▶ Exercise:
Nothing but the lines from the one containing "約16cm 2024.02.10現在 |" to the end of the data should be copied, exactly, and the pictures stay out.
··· Extracted information
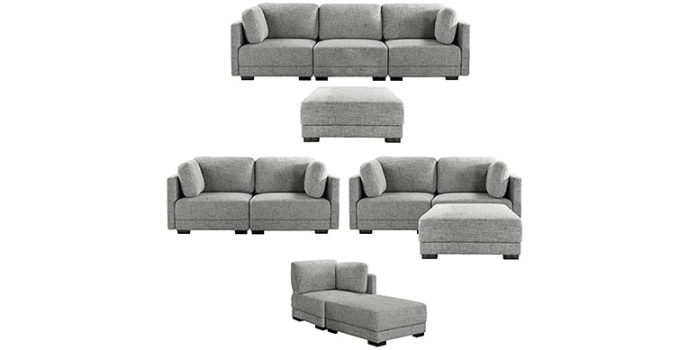 You can customize this Casa Andrea Milano sectional into a 2-3 seater sofa, or you can use it as a chaise lounge, a comfortable loveseat, or change it to other additional positions for the matter. This Andrea sofa includes a right-facing corner seat, a left corner seat, a chaise ottoman or coffee table, middle seat and two accent pillows for the matter.
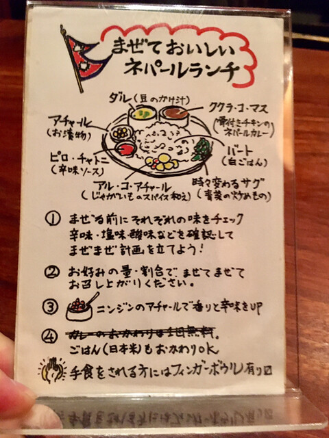 ネパールランチの食べ方は、テーブルに備え付けの図解もあるし口頭でも事前に説明していたので、家人も配膳後はスムーズに食べだすことができたようです。なにせ、このプレート内にある、カレーも他の全ての料理も全部美味しいので、大満足してくれました。やはり特に、青菜の炒め物とジャガイモの炒め物の味付けは気に入ったようでした。^^
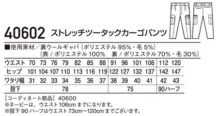 40602/ストレッチツータックカーゴパンツ |
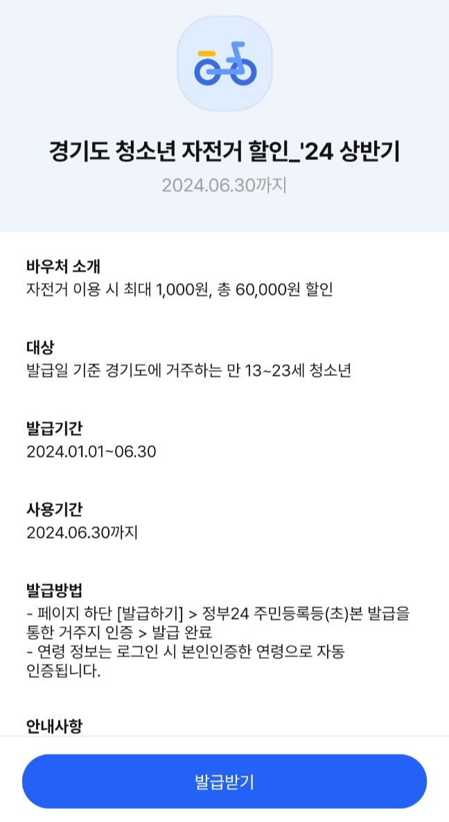 - 똑타 앱 설치 후 실행 > 목록보기 > 복지바우처 > 경기도 청소년 자전거 할인_'24 상반기 클릭
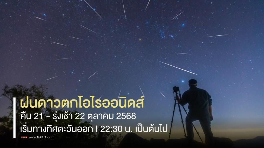 สถาบันวิจัยดาราศาสตร์แห่งชาติ (องค์การมหาชน) (NARIT) กระทรวงการอุดมศึกษา วิทยาศาสตร์ วิจัย และนวัตกรรม (อว.) เผยมีปรากฏการณ์ “ฝนดาวตกโอไรออนิดส์” คืน 21 ต.ค. 68 ตั้งแต่ 22:30 น. จนถึงรุ่งเช้าอีกวัน ปีนี้ไร้แสงจันทร์รบกวน หากฟ้าใสไร้ฝน ลุ้นชมด้วยตาเปล่าได้ทั่วประเทศ
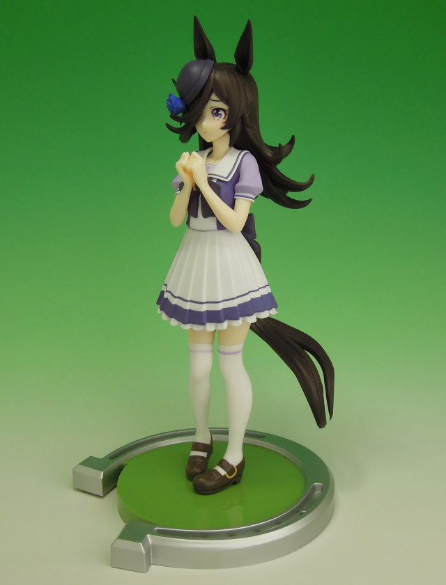 | ウマ娘 プリティーダービー ライスシャワー フィギュア(バンプレスト) 2022年7月26日(火)からアミューズメントの景品として順次登場した、「ウマ娘 プリティーダービー ライスシャワー フィギュア」(バンプレスト)です。 公式イラストにも採用されている、両手を前に合わせた仕草のトレセン学園制服姿でのフィギュア化で、蹄鉄形の特製台座が付属しています。 本物のライスシャワー(Rice Shower)は、1991年8月10日(デビュー)から1995年6月4日(宝塚記念 最終出場競馬)まで現役だった牡馬(オス)で、主な勝ち鞍(かちくら/優勝したレース)は、菊花賞(GT/1992年)、天皇賞[春](GT/1993年・1995年)、日経賞(GU/1993年)などとなっていて、生涯成績は25戦6勝、獲得賞金は7億2949万7200円となっています。 「ライスシャワー」は、菊花賞では「ミホノブルボン」のクラシック三冠制覇を阻止し、1993年の天皇賞(春)では「メジロマックイーン」の同競争三連覇を阻止したという、人々の記憶に残るレースをみせたそうです。 (以上のデータはWikipedia参照) 登場時期 2022年7月26日(火) 全1種 約16cm 2024.02.10現在 |
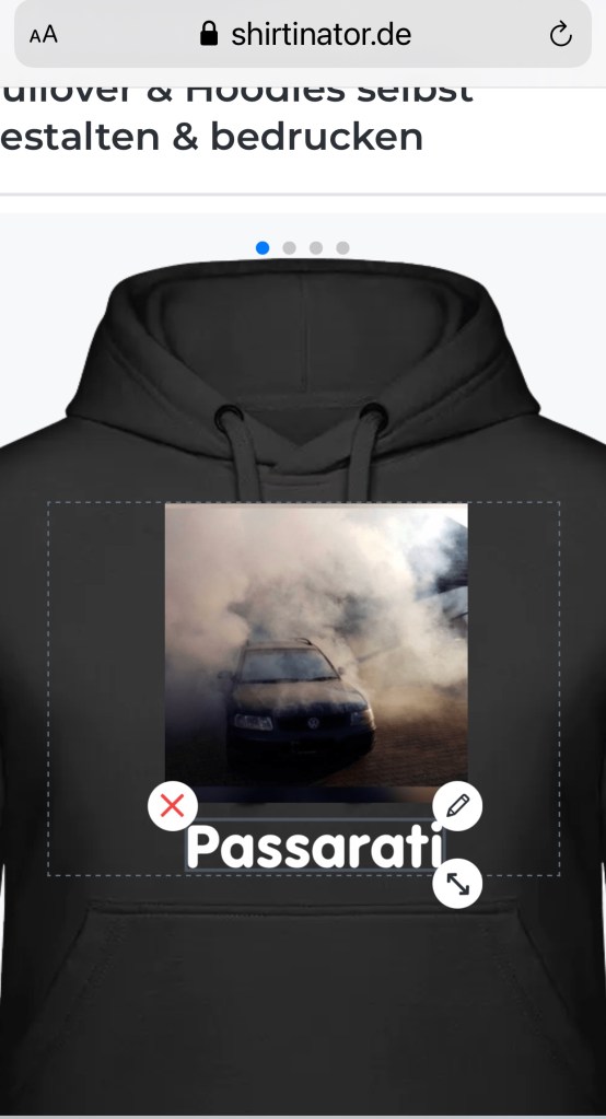 neulich hatte mein lieber Nachbar und guter Freund Geburtstag. Ich war, wie es wahrscheinlich bei vielen so ist, einfach ideenlos was ich ihm zum 22. schenken könnte. Ich googelte nach irgendeiner Idee, aber nichts passte. Als ich von ihm eine Whatsapp Nachricht bekam ist mir sein Profilbild, das er allerdings schon seeehr lange hatte wieder ins Auge gestochen. Es ist sein alter Passat den er leider verschrotten musste. Da ich weiß das er sehr daran hang, kam mir die Idee ein T-Shirt oder einen Hoodie damit zu bedrucken. Also machte ich einen Screenshot von dem Foto mit dem Handy, mit der Hoffnung das ein Bildschirmfoto funktioniert. Zum Glück konnte man es so hochladen. Es wäre bestimmt verdächtig rüber gekommen wenn ich ihn nach einem Foto gefragt hätte.
······
▶ Output of the task:
 | ウマ娘 プリティーダービー ライスシャワー フィギュア(バンプレスト) 2022年7月26日(火)からアミューズメントの景品として順次登場した、「ウマ娘 プリティーダービー ライスシャワー フィギュア」(バンプレスト)です。 公式イラストにも採用されている、両手を前に合わせた仕草のトレセン学園制服姿でのフィギュア化で、蹄鉄形の特製台座が付属しています。 本物のライスシャワー(Rice Shower)は、1991年8月10日(デビュー)から1995年6月4日(宝塚記念 最終出場競馬)まで現役だった牡馬(オス)で、主な勝ち鞍(かちくら/優勝したレース)は、菊花賞(GT/1992年)、天皇賞[春](GT/1993年・1995年)、日経賞(GU/1993年)などとなっていて、生涯成績は25戦6勝、獲得賞金は7億2949万7200円となっています。 「ライスシャワー」は、菊花賞では「ミホノブルボン」のクラシック三冠制覇を阻止し、1993年の天皇賞(春)では「メジロマックイーン」の同競争三連覇を阻止したという、人々の記憶に残るレースをみせたそうです。 (以上のデータはWikipedia参照) 登場時期 2022年7月26日(火) 全1種 約16cm 2024.02.10現在 |
 neulich hatte mein lieber Nachbar und guter Freund Geburtstag. Ich war, wie es wahrscheinlich bei vielen so ist, einfach ideenlos was ich ihm zum 22. schenken könnte. Ich googelte nach irgendeiner Idee, aber nichts passte. Als ich von ihm eine Whatsapp Nachricht bekam ist mir sein Profilbild, das er allerdings schon seeehr lange hatte wieder ins Auge gestochen. Es ist sein alter Passat den er leider verschrotten musste. Da ich weiß das er sehr daran hang, kam mir die Idee ein T-Shirt oder einen Hoodie damit zu bedrucken. Also machte ich einen Screenshot von dem Foto mit dem Handy, mit der Hoffnung das ein Bildschirmfoto funktioniert. Zum Glück konnte man es so hochladen. Es wäre bestimmt verdächtig rüber gekommen wenn ich ihn nach einem Foto gefragt hätte.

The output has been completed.